Президент умолк. Потом тихо проговорил:
— Главные мысли я высказал. Постарайся их развить.
— И это все? — спросил Хассетт, записавший то, что говорил Рузвельт.
— А разве этого мало? — с неожиданной горячностью воскликнул президент. — Для того, чтобы это осуществить, потребуются усилия целого поколения и, может быть, даже не одного. — И добавил уже спокойнее: — Конечно, если человечеством не будут руководить люди вроде Черчилля, который признает только один вид движения — назад...
— Вы полагаете, что он потерпит поражение на летних выборах?
— Я этого не исключаю, — тихо сказал Рузвельт.
— Вы думаете, англичане забудут, кто привел их к победе?

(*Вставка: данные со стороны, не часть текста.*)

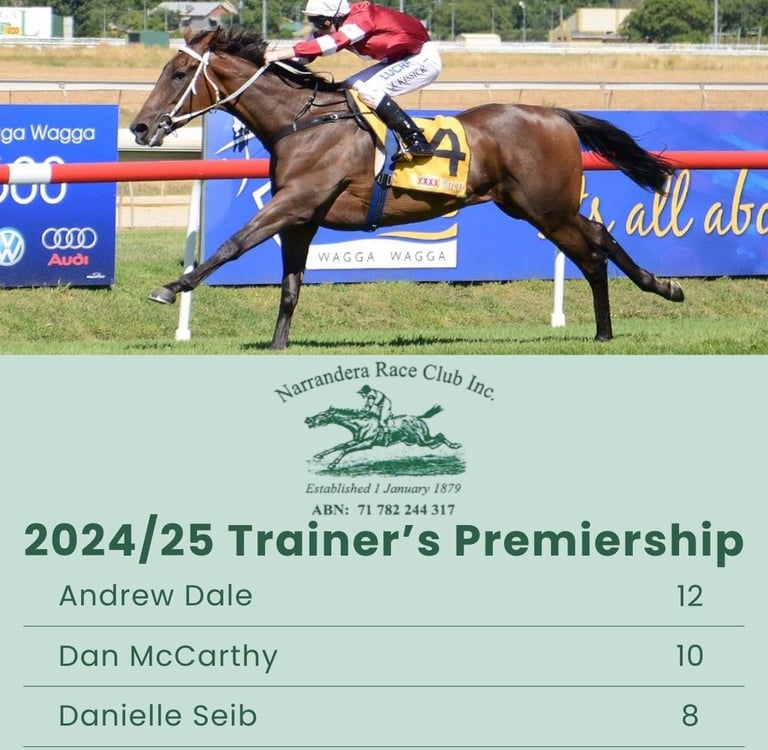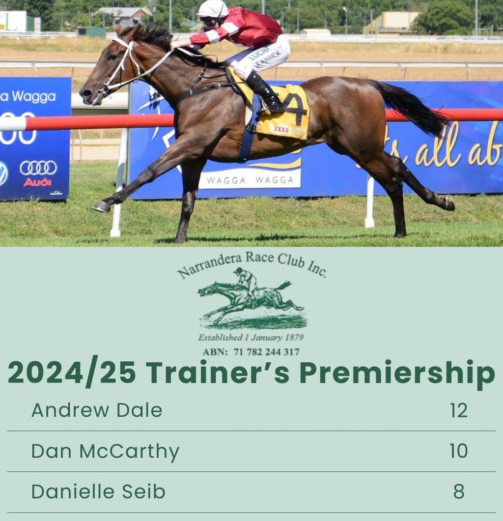 Wangaratta visitor Andrew Dale was our leading trainer with 12 points, while Narrandera-based jockey John Kissick dominated the jockey's premiership with 19 points.
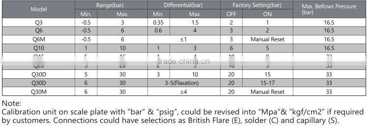 • Q series single pressure controls can be not only used in fluorinated refrigerant, but also in the air and liquid (allowed liquid temp. -20 to 120°C)

— Нет, конечно, не забудут. Однако победа, как это ни парадоксально, может стать его политической смертью. Для войны он был хорош, но иметь в качестве премьера человека, который не шагает в ногу с Историей, слишком большая роскошь! А англичане — народ расчетливый.
— Разумеется, мысли, подобные этим, — Хассетт слегка помахал листком бумаги, который уже приготовился положить в папку, — вряд ли вдохновят Черчилля. Кстати, вы уверены, что они вдохновят Сталина?
— Я убежден, что он разделит мою точку зрения, если никто не будет угрожать его стране.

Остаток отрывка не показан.